2. High GPU utilization ≠ correct execution. The GPU was 100% busy doing the wrong thing. Throughput arithmetic tells the real story. If memory bandwidth × expected weight size doesn’t match your observed tokens/s, you’re running the wrong kernel.
3. vLLM’s built-in tool parsers are model-specific.
The hermes parser expects a different delimiter format than Qwen2.5 actually produces. If tool
calls aren’t working, capture raw model output first with a direct curl before assuming the
issue is configuration.
4. Context window math matters for clients.
max_model_len is the total budget shared between input and output. If your client sends
max_tokens: 32000 and your prompt is already 13K tokens, every request will be rejected.
Cap max_tokens in the client config to something realistic.
5. RTX 4000 Ada is a capable serving GPU for 14B models. 20GB VRAM at Hetzner bare-metal pricing works well for this class of model. After the fixes, the setup runs at 90W with 20+ tok/s throughput — comfortable for interactive developer use.

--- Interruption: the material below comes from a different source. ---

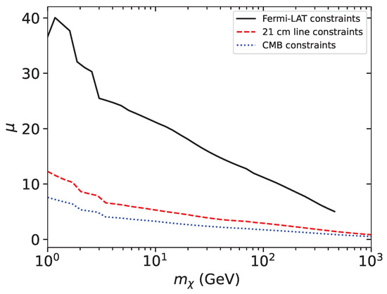 We use these constraints on the s-wave cross section to place lower bounds on the parameter in Equation (2). To do so, we assume that, for a given DM mass , the energy-scale is set by reproducing the DM relic density through p-wave annihilation only, fixing all parameters in the s-wave cross section except . Then the limits on two-photon annihilation from Fermi-LAT, the CMB, and 21 cm data bound as shown in Figure 3. We emphasize here, again, that the p-wave mode is the primary annihilation channel, and the s-wave mode contributes in a subdominant manner. For instance, we can see in Ref. [54] and elsewhere that DM candidates which annihilate primarily through the s-wave channel have been excluded for masses below 20 GeV; however, this particular bound is does not exclude the DM candidates under consideration herein because such low mass candidates in our work would annihilate primarily through the p-wave mode with the s-wave mode suppressed sufficiently to avoid the constraints from Refs. [52,54,55].

6. Client capability flags must match the actual model.
reasoning: true is for thinking models (QwQ, Qwen3-thinking). Setting it on a standard
instruct model produces mysterious safety refusals that look like content-policy triggers.
If the model refuses via client but works via direct curl, the problem is in the request
formatting — not the model.
This setup is now running in production at Obmondo for internal developer tooling via OpenCode. The agentic coding workflow (multi-step file edits, test runs, commit messages) all works on the local model with no external API dependency.